An extensively interconnected European supergrid is often floated as a solution to the issue of variable renewable energy. The grids of Ireland and Great Britain, for example, are already connected via subsea cables. However, due to the proximity of the two islands, when wind speeds are low in Ireland they are also low at its neighbour, hence they cannot help one another. The Celtic interconnector will link Ireland to mainland Europe via France, and future sea-floor wires may allow Ireland to trade electrons with Spain and Belgium. Greater distance means that both countries are less likely to experience the same weather patterns. In a European supergrid, spanning from Ireland to Estonia, a drought in Portugal resulting in lower hydropower can be compensated by importing Spain’s wind power, while Spain is purchasing French nuclear power, while France is in turn importing German solar power.
Revolutionising this continental interconnection is the comeback of direct current (DC) power. While AC is generally preferred, DC becomes more economical for distances exceeding five-hundred kilometres, or a mere fifty kilometres for submarine cables, thanks partly to DC’s benefit of suffering fewer power losses. The same technology enabling Ireland to plug into the Continental European Synchronous Area (CESA) is allowing China to connect its population centres to remote solar farms in the desert and wind farms in Inner Mongolia.
British company Xlinks is building four subsea cables that will take power from Morocco before travelling a record-breaking 3,800 km around the coasts of Spain, Portugal and France and finally connecting into the UK national grid. The cable should be mutually beneficial, with Morocco profiting from the exports while the UK will receive as much as 7% of its electricity from solar power in much sunnier Morocco. Morocco, however, has yet to build the promised wind and solar at the production end of the line.
Balancing supply and demand in a system dominated by variable renewables is dependent on greater flexibility. It involves ‘demand response’, whereby electricity consumption is shifted to periods where renewable generation is strongest and prices are lowest. One such innovation is vehicle-to-grid charging, wherein an EV plugged into a charging station will be able to feed electricity back into the grid for short periods to help smooth out the peaks and troughs in supply. Smart heating systems will similarly be able to switch on and off.
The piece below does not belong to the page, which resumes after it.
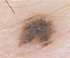 In der Dermatoskopie zeigt die kleinere melanozytäre Läsion ein scholliges schwärzliches, teils hyalin verstrichenes Pigment. Ferner finden sich streifige Ausläufer. Die Umgebung erscheint homogen und ganz diskret bräunlich (Abb. 3,4).
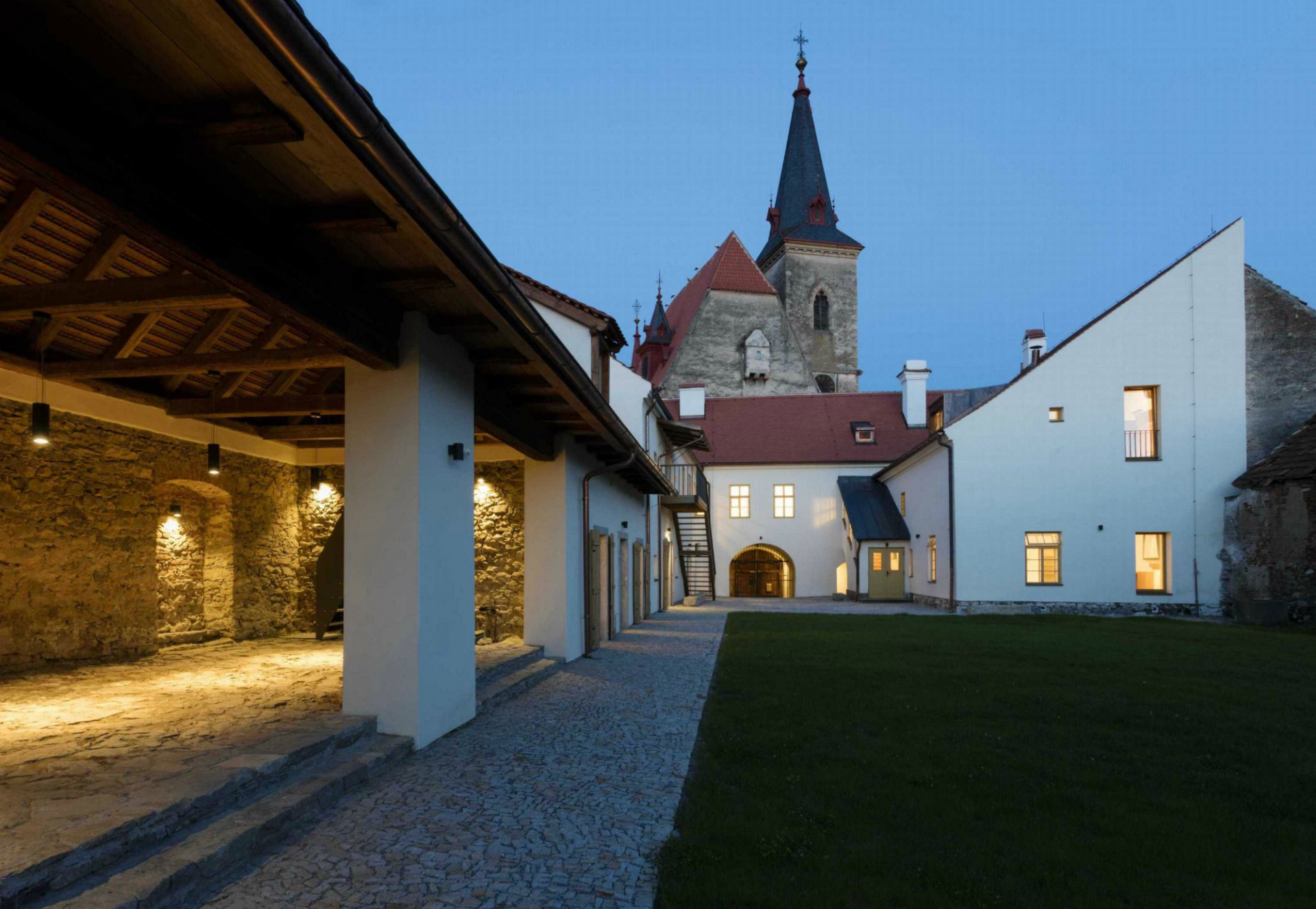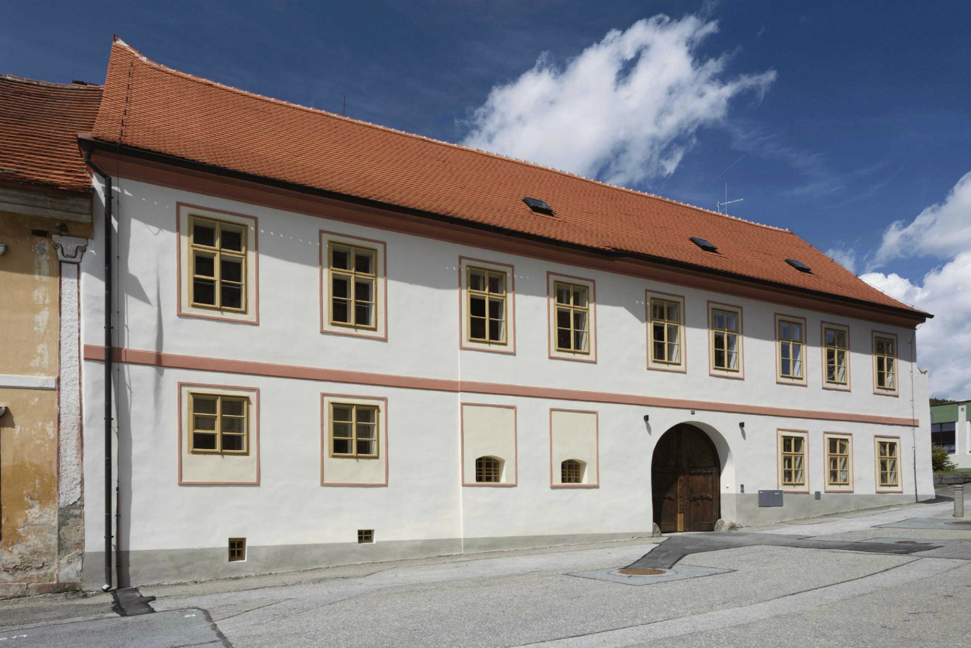 Celkový objem domu včetně tvaru a krytiny střech z pálených tašek ponechali autoři bez zásadních zásahů, směrem do náměstí se přestavba projevuje pouze barevnou změnou fasády, další úpravy zůstávají kolemjdoucím skryty. Architekti při tvorbě nového uspořádání zachovali jak původní vstupy do objektu, tak hlavní dispoziční a komunikační rozvržení. Pro zajištění bezbariérového provozu a požadovaného množství únikových cest doplnili výtah a venkovní schodiště. Pro umístění výtahu zvolili autoři místo, jež nejlépe vyhovuje jak dispozičně, tak konstrukčně. Důležitá byla v tomto místě výška krovu, která umožnila ukončení výtahové šachty v podkrovním prostoru bez narušení střešní roviny.

In 2050, envision a world where many countries boast smart, seamlessly integrated grids combining electricity, transport, and heating. It would be transformational, but also raises the stakes. A temporary grid failure (increasingly vulnerable to cyber attacks due to increased digitisation) in such a system could lead to widespread economic disruption. A black-out would leave households in the cold and both private and public transport out of order. Additionally, the transition isn’t without financial hurdles. Almost a third of Irish electricity bills go towards network expansion and maintenance climate-friendly measures such as grants and tax-breaks for rooftop-solar run the risk of being heavily regressive if homeowners are the only ones to benefit and renters are yet again, at the wrong end of the stick.